Time doesn't permit a detailed account of Valentine's main contribution: clarifying key interactions between FBN, FBI, and CIA in the aftermath of World War Two. The bottom line is that our whole government became so obsessed with opposing Communism that it engaged in tactics that were little different than their opponents. The game was then as now: all about "winning," with little concern for long term consequences to either planet or species.
The picture of Anslinger that emerges is one of an insecure mediocrity whose greatest skill was bureaucratic infighting and greatest concern was the protection of his bureau. The main emphasis within the FBN was on “making cases” (gaining key convictions) despite the limited budgets and scarce manpower necessitated by the Great Depression. After World War Two, as it gradually became clear that "narcotics" enforcement would play second fiddle to the CIA's mission, it seems that FBN agents eventually accepted that need, even as they chafed at having to honor it. Ironically, Nixon's drug war, declared after Anslinger's departure and shortly before his death in 1975, would lead to creation of the DEA, the FBN's most obvious successor agency,
Once one realizes the degree to which protection of its mindless policy, always a driving force behind America's drug prohibition bureaucracy, has contaminated the entire federal government, the political sanctity of the drug war becomes readily understandable. The same is true of "reform," which has allowed itself to be cast in the role of (unwitting) defender of the "drug menace," in the government's prohibition myth.

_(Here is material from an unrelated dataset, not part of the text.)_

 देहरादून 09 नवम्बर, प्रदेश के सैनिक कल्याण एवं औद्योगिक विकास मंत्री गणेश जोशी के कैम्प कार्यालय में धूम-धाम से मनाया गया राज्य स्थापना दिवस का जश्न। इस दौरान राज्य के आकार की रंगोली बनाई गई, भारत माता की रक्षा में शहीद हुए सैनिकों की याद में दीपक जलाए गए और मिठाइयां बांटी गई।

Ironically, it’s quite likely that when a very sick old Anslinger died in 1975, he had no more idea of where the drug war he'd helped create was headed than Nixon. The same goes for an already-senile Gipper who had dusted it off after Nixon's disgrace at the urging of his spouse to “just say no.” Then came Poppa Bush who invaded Panama to arrest its president for drug trafficking on behalf of his CIA, and Bill Clinton may have never inhaled, but he did appoint Barry McCaffrey drug czar and accepted a bribe for pardoning a notorious drug criminal on his way out the door.

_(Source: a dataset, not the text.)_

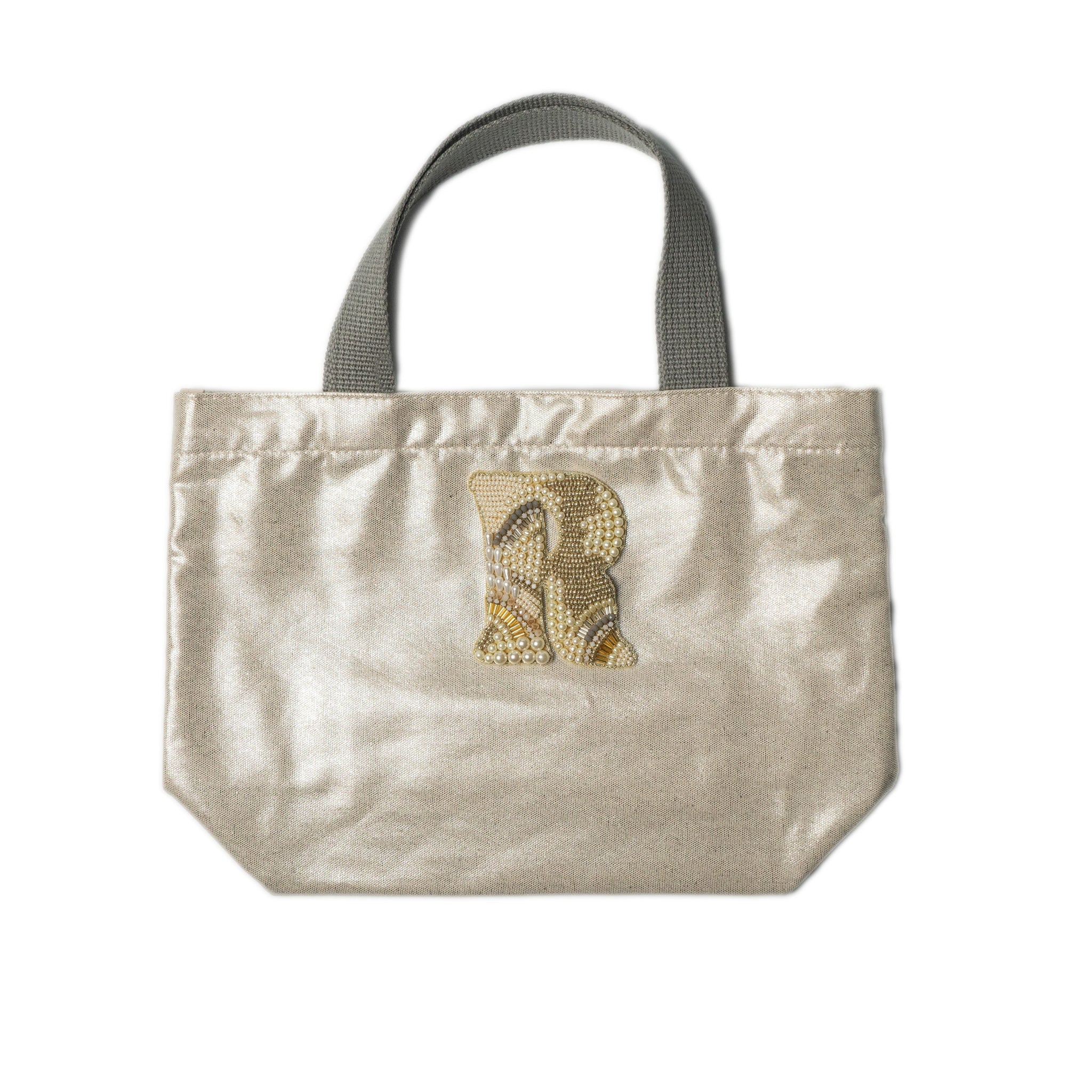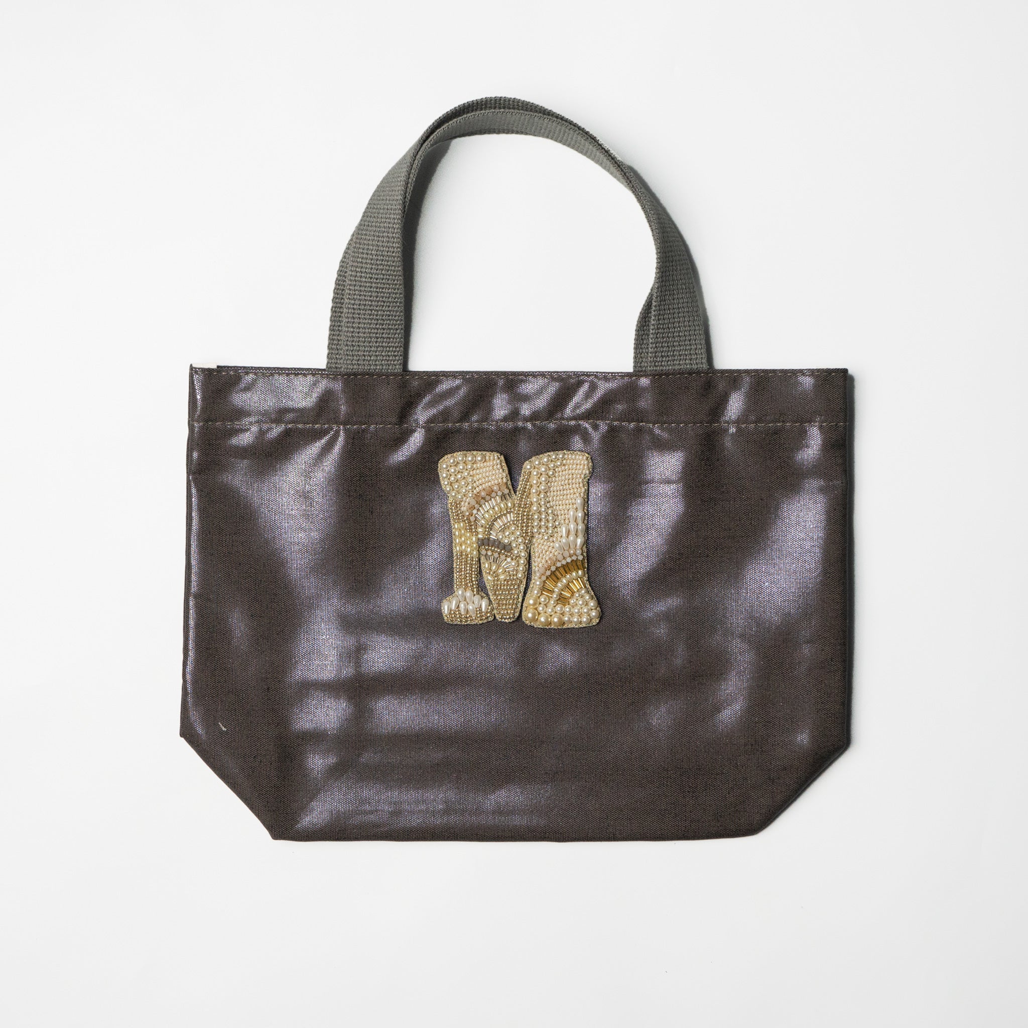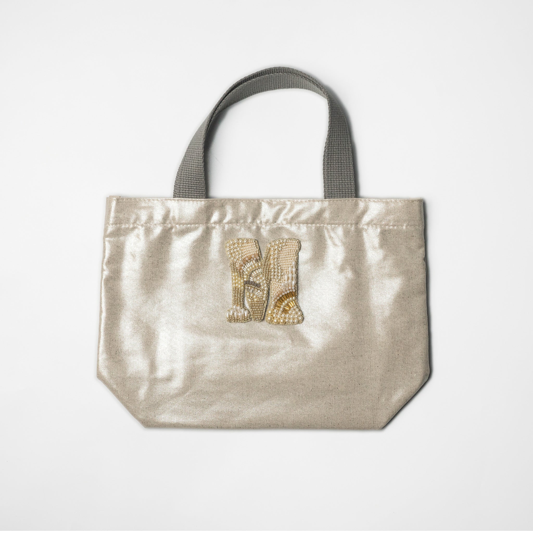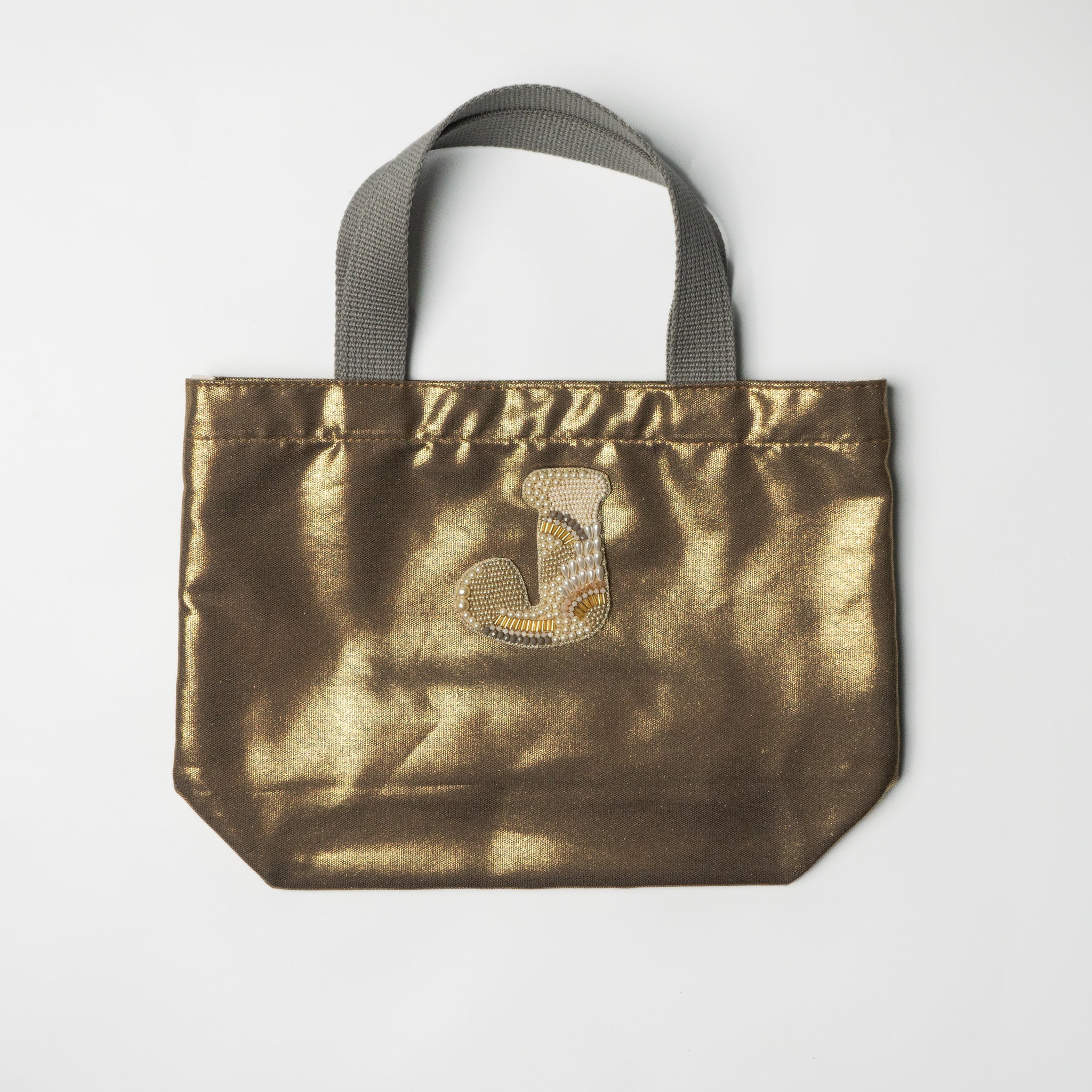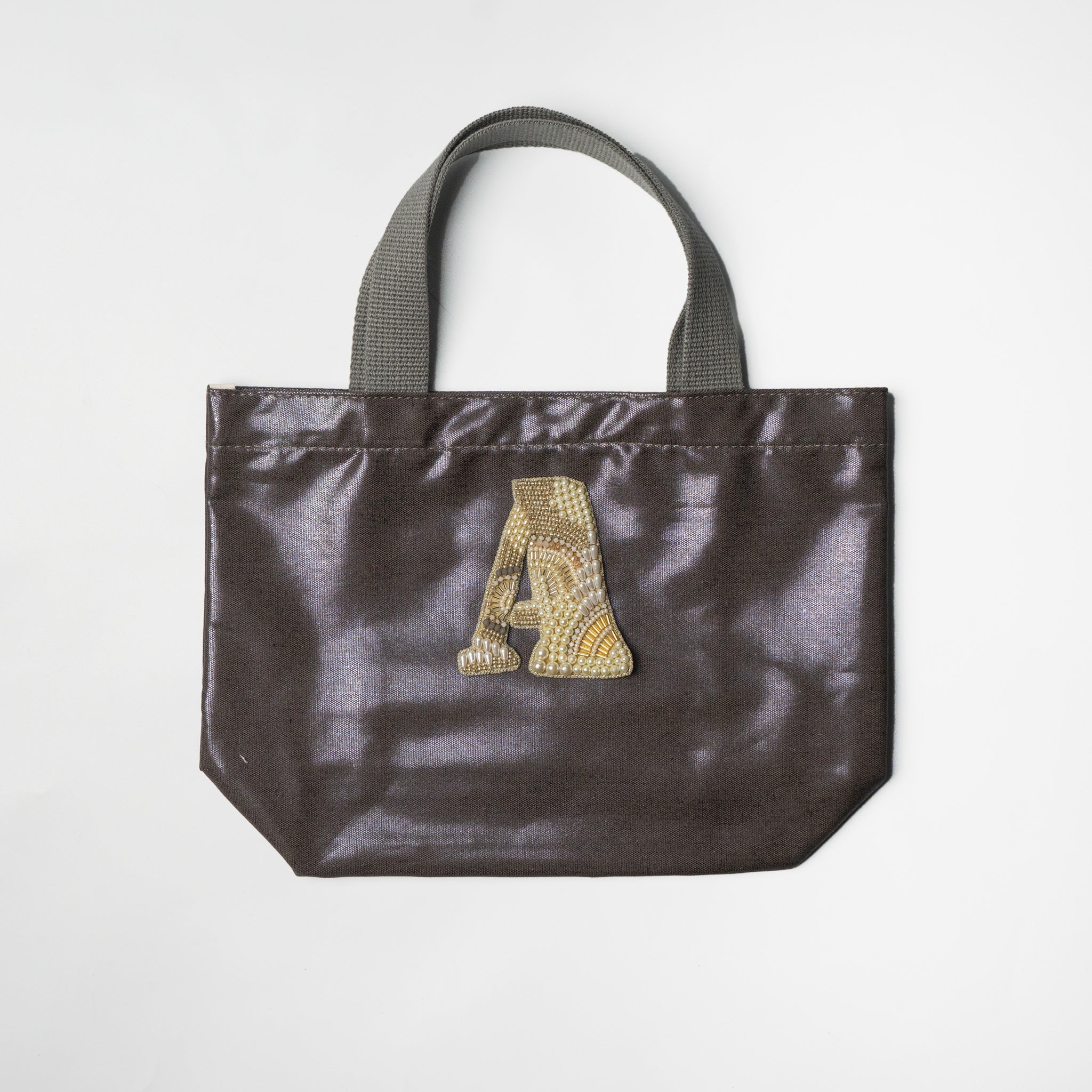 コットンの生地にオリジナルの箔プリントを施したバッグにインドで昔から代々伝わる繊細なハンドワークによって作られたユニークなモチーフが付いたミニトートバッグ。

That brings us to the present incumbent, whose administration has set new records for incompetence and dishonesty in its zeal to prove he is more forceful than daddy. The really sad part is that this admittedly inflammatory rant is far more accurate than the alternative, and more widely believed, scenarios because it's based on actual data from drug users. Even worse, that data has been readily available in California to anyone willing to ask the right questions for the past seven years.
Thus several big dots are still there to be connected.